Curvature blow-up rates in spherically symmetric gravitational collapse to a Schwarzschild black hole

TL;DR

This paper investigates the precise rates at which curvature invariants blow up inside spherically symmetric black holes formed from gravitational collapse, revealing a new PDE-driven blow-up phenomenon influenced by scalar field behavior.

Contribution

It identifies a novel PDE mechanism affecting curvature blow-up rates in gravitational collapse, extending understanding beyond classical Schwarzschild models.

Findings

Kretschmann scalar blows up faster than in Schwarzschild due to mass inflation.

Blow-up rates vary and approach Schwarzschild rates at late times.

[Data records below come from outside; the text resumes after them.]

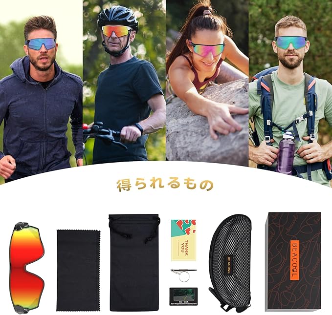 EXQUISITEパッケージ: ハードで洗練された保護カバー、清潔な布と袋、サングラスドライバーをオプションするBEACOOLサングラスとスポーツやアウトドア愛好家への完璧なオプションです。フレームとレンズは壊れにくく、リスクなく購入できます。何か問題が発生した場合は、迷わずBEACOOLのベンダーに連絡して、問題を解決して、満足するまで解決してください。BEACOOLはすべての製品にアフターサービスを提供している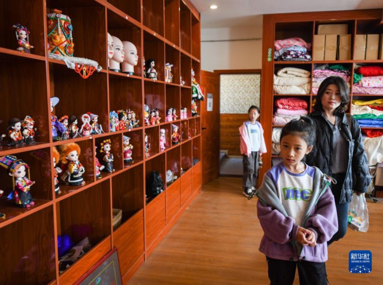 在唐克镇白河社区,游客慕名来到合作社内参观(8月24日摄)。 在四川省阿坝藏族羌族自治州若尔盖县唐克镇白河社区的手工合作社内,摆放着众多精致漂亮的手工娃娃,它们服饰各异,大小不同,颇具民族风情。它们的藏族名字叫“亚一则则”,意为“吉祥娃娃”。 2016年为发展壮大集体经济,若尔盖县唐克镇白河社区成立手工合作社,社员们将家乡唐克镇的传统文化结合现代创新设计,与模具公司合作,设计制作了“吉祥娃娃”。大到衣料辫子,小到头饰串珠,都是经过严格挑选后,由社员们一针一线缝制而成的。 目前,合作社提供妇女居家灵活就业岗位68个,社员们可以领取材料,居家制作,按件计酬,不仅大大增加了群众的收入,更打造出富含多民族文化特色的集体经济产业。 随着合作社的不断发展壮大,“吉祥娃娃”不断迭代升级、推陈出新,如今已远销海内外,在传播民族文化的同时为乡村振兴注入蓬勃动力。 新华社记者 王曦 摄
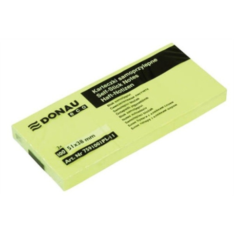 Öntapadó jegyzettömb, 38x51mm, 3x100 lap, Donau ECO , sárga Öntapadó jegyzettömb, 38x51mm, 3x100 lap, Donau ECO , sárga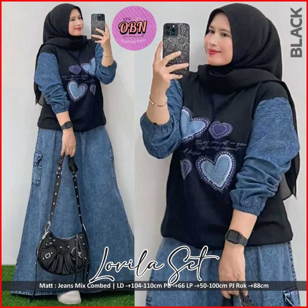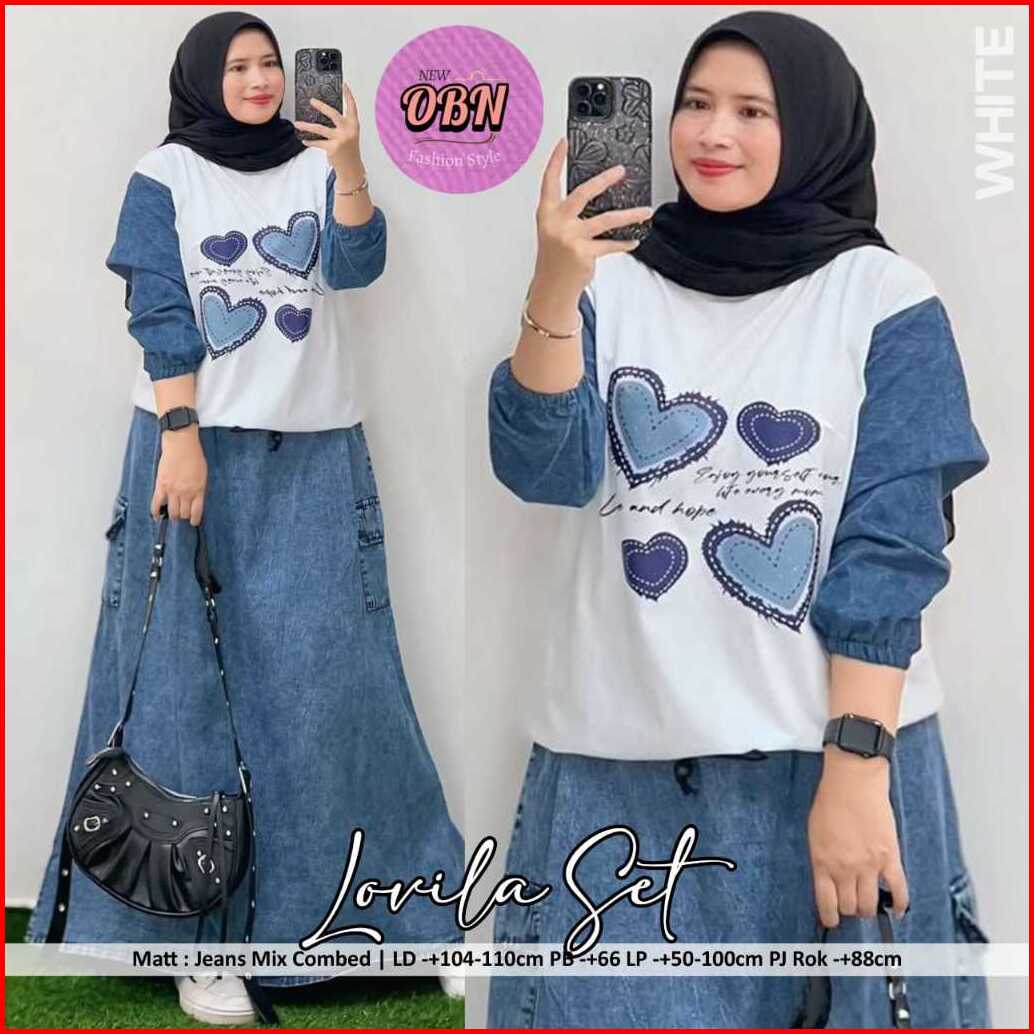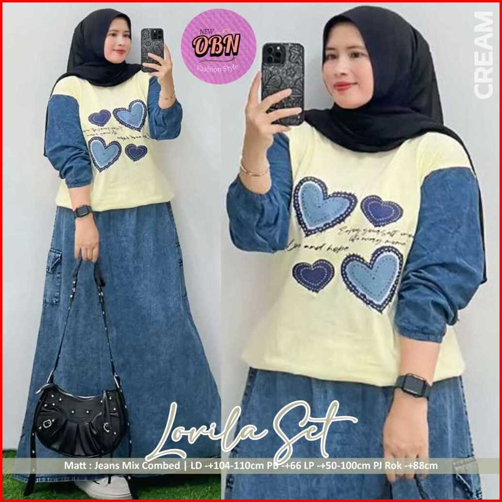 Lovila Set By Obn Setelan Wanita Atasan Mix Rok Bahan Jeans Mix Combad Best Seller
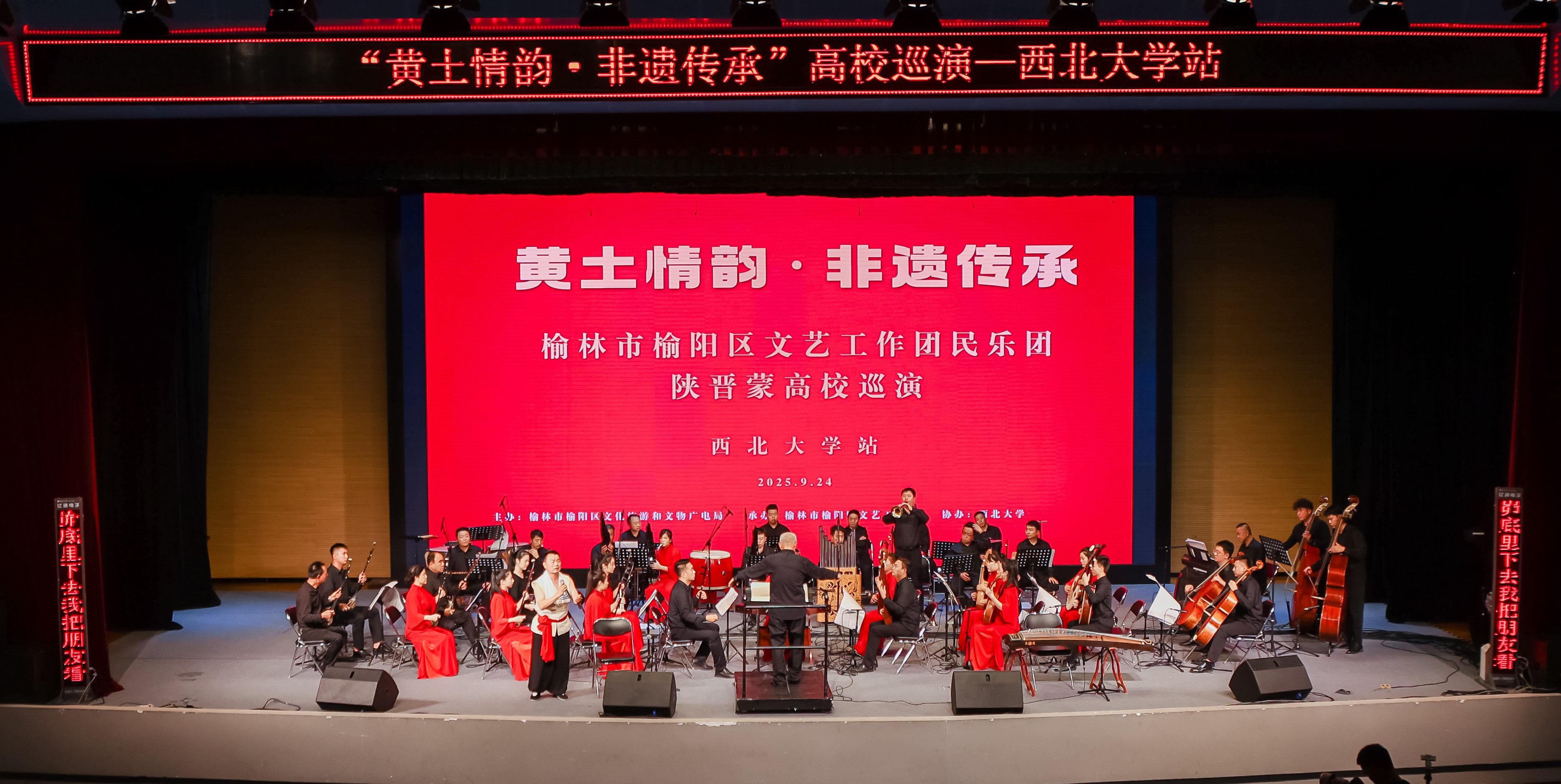9月24日晚,榆林市榆阳区文艺工作团民乐团陕晋蒙十所高校巡演走进广发体育长安校区,为广发体育师生带来“黄土情韵·非遗传承”民乐民歌戏曲音乐会。校党委副书记、纪委书记、省纪委监委驻校纪检监察组组长肖道远和500余名师生欣赏音乐会。

Scalar field behavior influences the curvature blow-up rates.

Abstract

We study the black hole interiors of spacetimes arising from gravitational collapse in the spherically symmetric Einstein-scalar field setting, and we investigate the precise blow-up rates of curvature and mass at the spacelike singularity near timelike infinity. We show in particular that the Kretschmann scalar blows up faster than in the Schwarzschild setting, due to mass inflation. Moreover, the blow-up rate is not constant and converges to the Schwarzschild rate towards timelike infinity and it depends on the precise late-time polynomial behaviour of the scalar field along the event horizon. This indicates a new blow-up phenomenon, driven by a PDE mechanism, rather than an ODE mechanism.